Però l’Unione Europea ha aperto contro l’Italia sette procedimenti nuovi…
Guardi, a me questo sembra invece un dato interessante. Per darle un’idea: lo scorso anno a giugno ne hanno aperte 23; a ottobre 17 e sei a dicembre. Insomma, la tendenza è di netta riduzione dell’apertura di nuove procedure verso il nostro paese. E ci stiamo allineando ai comportamenti degli altri paesi europei: l’Unione Europea ha aperto infatti sette procedure nuove nei confronti del Regno Unito, nove verso la Francia, sette alla Germania, cinque alla Spagna. Del resto, per fare ulteriori passi avanti servono modifiche strutturali. E anche su questo terreno ci stiamo muovendo: con la legge comunitaria di quest’anno contiamo di allineare il termine della delega per il recepimento al termine fissato da ciascuna direttiva europea.
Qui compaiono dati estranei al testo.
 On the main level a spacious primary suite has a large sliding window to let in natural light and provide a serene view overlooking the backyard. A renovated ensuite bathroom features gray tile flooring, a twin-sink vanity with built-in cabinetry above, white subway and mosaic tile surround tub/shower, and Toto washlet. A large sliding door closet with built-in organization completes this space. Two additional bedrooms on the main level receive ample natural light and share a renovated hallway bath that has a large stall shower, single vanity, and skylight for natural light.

A proposito di direttive non recepite, in campo finanziario l’Italia è in ritardo con il recepimento della direttiva Mifid.
E’ vero, anche se in questo caso sono ben 24 i Paesi che ancora non l’hanno recepita. E, anche se non credo al “mal comune mezzo gaudio”, è probabile che su questo terreno l’Unione osservi ancora un atteggiamento di prudenza, proprio perché sono moltissimi i Paesi in ritardo. Invece, è stata aperta nei nostri confronti una procedura sulla questione delle discariche in Campania, ma ne eravamo coscienti quando abbiamo approvato il decreto.

E perché è stata aperta?
La procedura riguarda soprattutto il problema generale dello smaltimento dei rifiuti. In realtà il decreto, in quanto provvedimento d’urgenza, supera adempimenti ambientali e sanitari. Ma nella procedura della Commissione ci sono un richiamo abbastanza duro sulla situazione generale dello smaltimento dei rifiuti in quella regione e l’invito a uscire rapidamente dall’emergenza per arrivare a un nuovo regime ordinario sostenibile. La Commissione sarà in missione il 19 luglio in Campania per rendersi conto della situazione.
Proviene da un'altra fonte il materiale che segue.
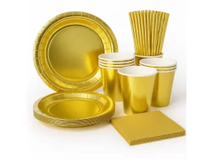 Zestaw urodzinowy w motywie złotym. W komplecie: - talerzyki - 18 cm - 6 szt., - kubeczki - 220 ml - 6 szt., - słomki - 20 cm - 24 szt., - serwetki - 33 cm - 20 szt. Opakowania: 56 szt.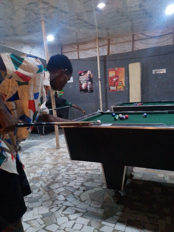 - "In a dimly lit room with a textured floor, a person in a geometrically patterned shirt aims a pool cue at the cue ball on a pool table" by FM-RLzNN2, licensed under CC BY 4.0
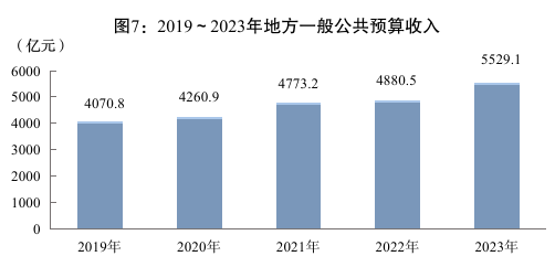 全年地方一般公共预算收入5529.1亿元,比上年增长13.3%,其中,税收收入3700.7亿元,增长17.4%。一般公共预算支出12731.7亿元,增长6.9%。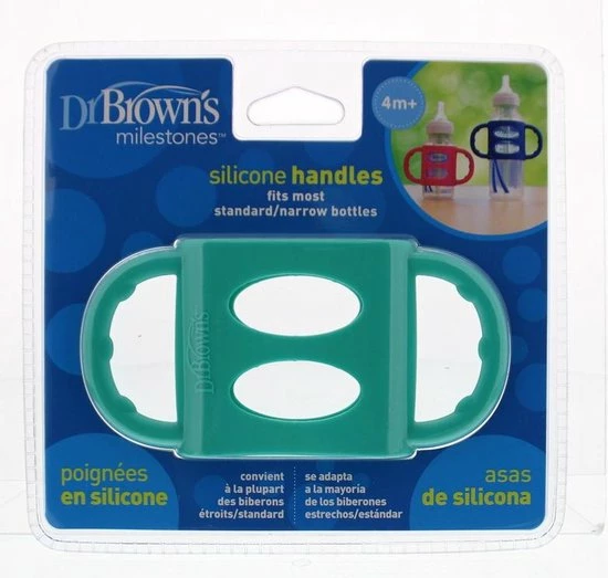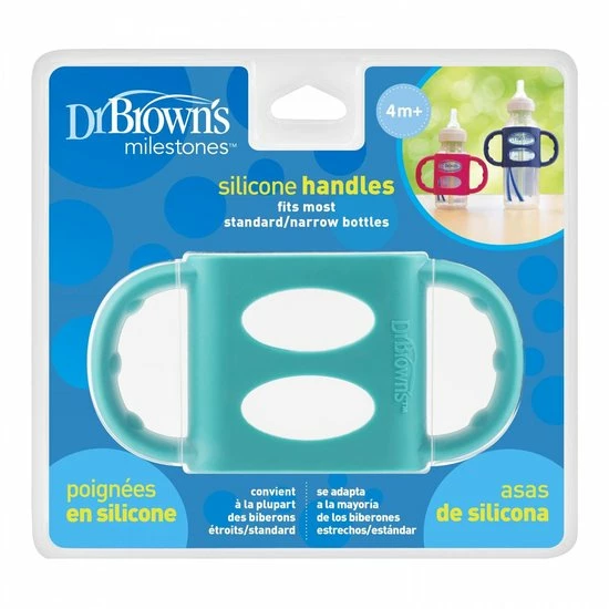 Handige Siliconen handvaten voor de standaard drinkflessen / Smalle hals van Dr. Brown’s Serie. Met deze siliconen handgreep voor de Smalle Hals Fles van Dr. Brown’s kan je kleintje gemakkelijk de fles zelf vasthouden! Dit stimuleert het zelfstandig drinken voor je kleintje én zorgt ervoor dat jij je handen vrij hebt.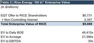 We have considered EQT’s offer to RICE shareholders, but RICE’s shareholders only own 28% of Rice Midstream and 92% of the GP interest. Due to the accounting rules for consolidation, the majority of the income statement and production figures capture activity for 100% ownership (the non-controlling interest is not taken out until the end). Therefore, by not including the non-controlling interest that is consolidated into Rice’s balance sheet, we previously compared less than 100% of the Company’s Enterprise Vale to 100% of the Company’s production, acreage, and EBITDA.

Si può dire che l’ambiente rimane il tasto dolente, per il quale finiamo regolarmente sulla lista dei cattivi?
E’ uno degli argomenti certamente più sensibili. E anche di difficile soluzione, qualche volta, perché implica responsabilità di enti locali. Noi, con un coordinamento sempre più stretto fra amministrazioni a livello centrale riusciamo a ridurre in modo abbastanza sostanziale reclami e procedure d’infrazione, ma poiché la stragrande maggioranza delle questioni ambientali implica vari livelli comprensivi di enti locali, queste rimangono il danno più sensibile. E’ vero che ci sono amministrazioni locali volenterose di uscire da questo bailamme. Ma, certo, l’ambiente, nella governance degli enti locali, è una delle materie più complesse.